Aftermath & Hope is a site-responsive audio-visual installation by Dan and Anna Friedman that processes the personal and collective grief following the Bondi tragedy. Anchored in the artists' lived experience as local residents, the work explores the lingering emotional responses to the events. Dan Friedman’s projected visuals blend fragmented landscapes of Bondi with intimate, symbolic imagery such as shattered mosaics and silenced portraiture, to capture the disorientation and fragility of a community grappling with profound loss.

In dialogue with the visual elements, Anna Hirst Friedman’s looped musical composition serves as a gentle, restorative force. Blending acoustic instrumentation like piano and cello with digital textures, the sparse score is built on open fifths to evoke a sense of timelessness and breathing room. Ultimately, the installation offers a quiet sanctuary for the audience, transforming the shock of the event into a shared space for witnessing, reflection, and the gradual process of healing.
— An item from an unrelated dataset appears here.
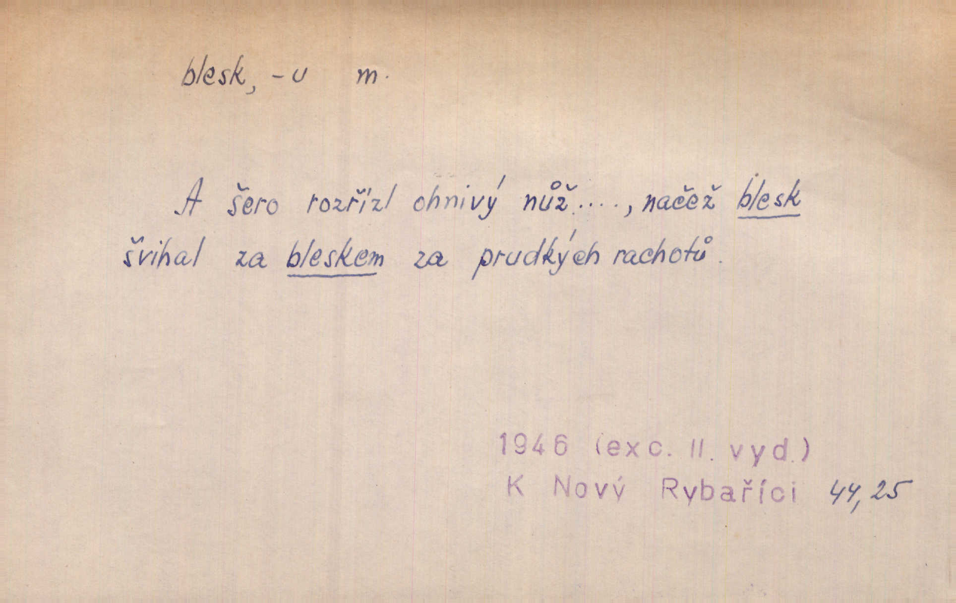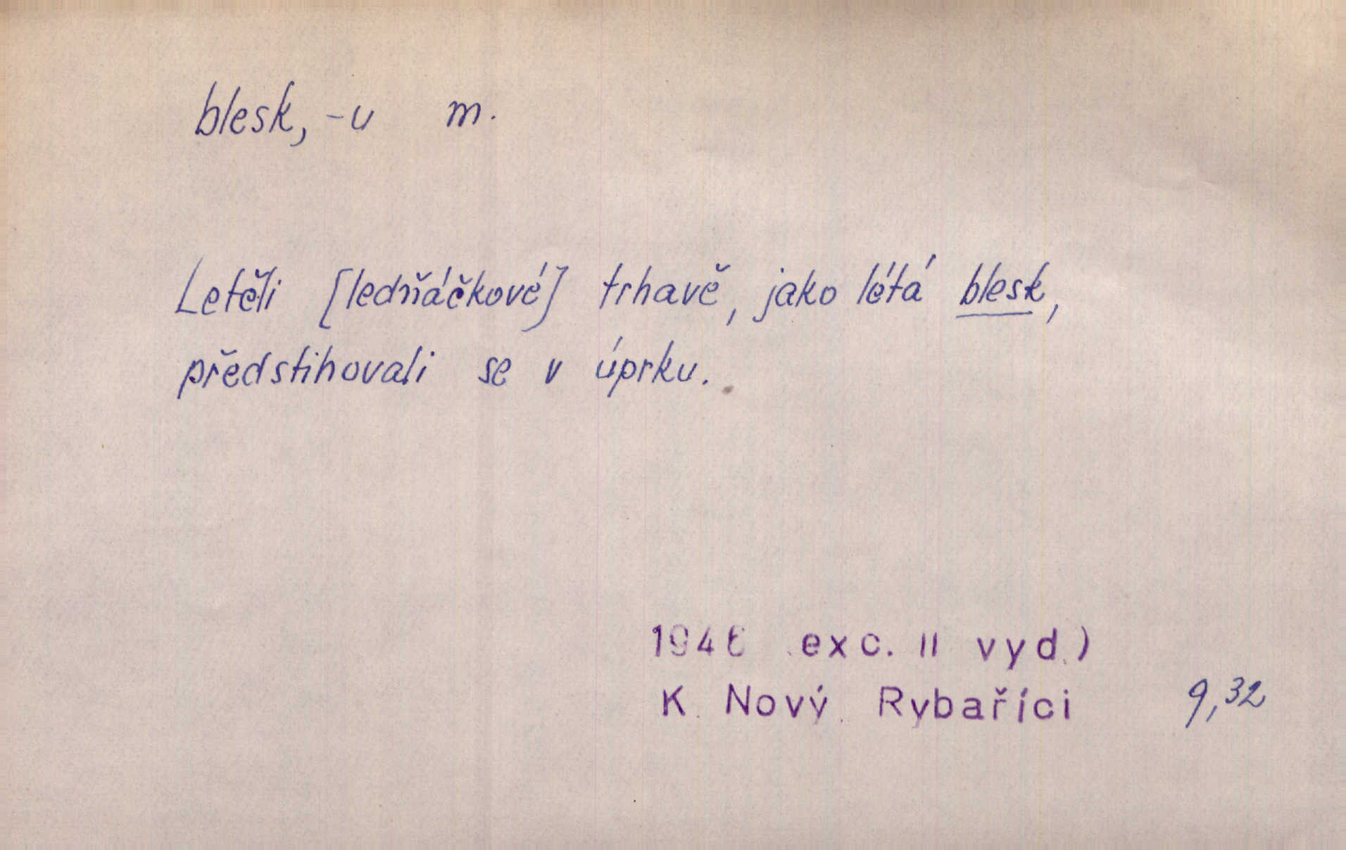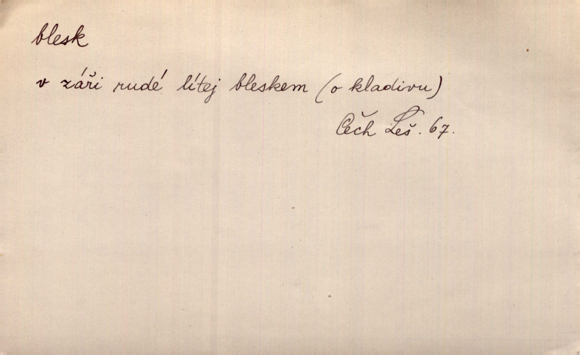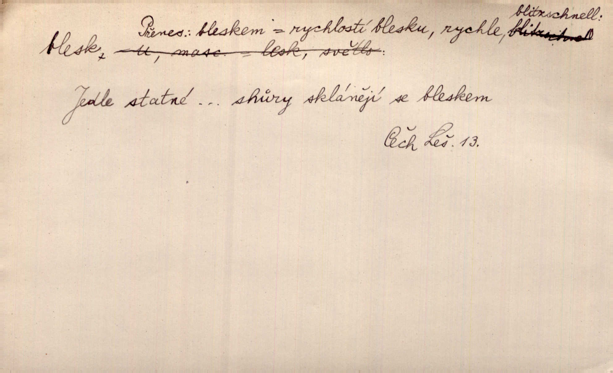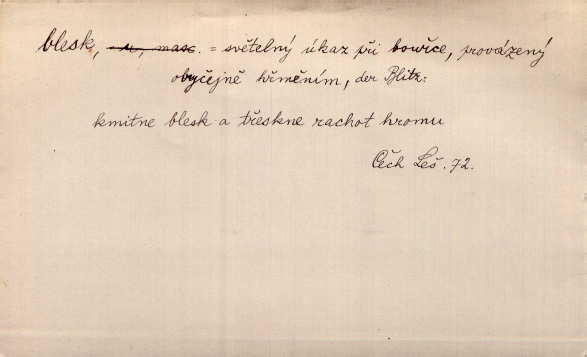 - blesk, -u m. světelný jev při bouřce způsobovaný výbojem elektřiny. Nebe se otvíralo v blescích. Podl. Vichřice duje, blesk se s bleskem stíhá. Krás. Blesky se křižují. Blesk udeřil. Blesk kulový, jiskrový, plošný. V tom jí jako blesk projela hlavou myšlenka, že snad Havel musí na vojnu. Prav. Koně ucítivše volnost, letěli nyní ne již šípem, ale bleskem, šíleně. Zey. Tu se mu však panna Adlička bleskem, jako úhoř, z rukou vyvinula. Jir. D ostré, prudké světlo; intensivní lesk, třpyt. Oči mu zářily v blesku měsíce. A. Mrš. Zlatý, bitý pás, v němž zářilo a blesky metalo drahé kamení, Jir. Blesk oceli se šerou síní mih’. Zey. Podívá se a blesk vyšlehne z černých žhavých očí jejích. Baar. Lev potřásá svou hřívou, blesky hází z očí. Vrch. D náhlé zaplanutí očí jako projev prudkého citu. Má milá přišla, v očích smavých jí radostí blesk jasně plál. Mach. Okem šlehl blesk nevýslovné zášti, ruka jela po noži v pasu. Ner. Tu blesk prudkého vzdoru se jí zaskvěl v očích. Dur. Z oček sršely blesky jízlivosti. Arb. D Přen. Oslňoval je rád bleskem svého ducha. Čech. Bás. Jak upoutati libelulu, která, modrý blesk, se míhá nad vodou u věčném pohybu jak vítr? Zey. D lesk a blesk vnější okázalost, nádhera. Marný, mizerný svět, po lesku a blesku baživá směsice bez ladu a skladu. Tyl. Slečna Julinka stála před zrcadlem v plném lesku a blesku. Kosm. D při zvolání a klení: blesky boží!, živé blesky!, hromy a blesky! Blesky boží! proklatí ti ptáci. Staš. Hromy a blesky, pusťte mne, nebo zapomenu všecky rytířské zákony. Stroup. Na hromech líhá a na blescích vstává kleje celý den. Sez.

Samples of music being developed for the installation. Anna will take these piano motifs and extend them in a full scale electronica work.

Dan Friedman

Dan is an illustrator, digital artist and designer based in Waverley with 20 years experience running his own digital studio. He is influenced in his work by his community and environment, with the beaches at the heart of the community. 

Using a range of multimedia tools to create his art, Dan employs painting and drawing along with cutting edge digital still and motion graphic tools to create visual landscapes that evoke experiences.

In this series, he draws upon symbols of transformation, such as the much loved Bondi mosaic tiles shattered, with a sign of new life and hope sprouting from within.

Anna Hirst Friedman

Anna Hirst Friedman is a commissioned Australian composer and producer whose collaborative song cycle The Fire Always Says Yes, with librettist Jessica Chapnik Kahn, recently received its world premiere at the Sydney Opera House. Since returning to composing in 2023, Anna has achieved numerous successes.

In 2024, she won the Sydney Jewish Museum Musical Portrait Prize for a work about Rabbi Ninio, which was later re-transcribed for her Silver Jubilee event. She has since created several new works, including Amidah A Silent Prayer, premiered at the Goethe-Institut following a grant from Shalom Collective.

Anna was a runner-up in the inaugural Nexas String Quartet Saxophone Quartet Competition in 2025, and in January 2026, she recorded this work. Her choral work MADRE, words by Jessica Chapnik Kahn, was featured at TEDx Sydney in 2025 at the City Recital Hall and premiered at a Poetica event hosted by Woollahra Council.

2026 continues to mark a period of growth and recognition. Anna has been selected to compose new works for Chorus Ecclesiae and is collaborating with Spanish percussionist David Moliner to premiere her works in Germany and Spain.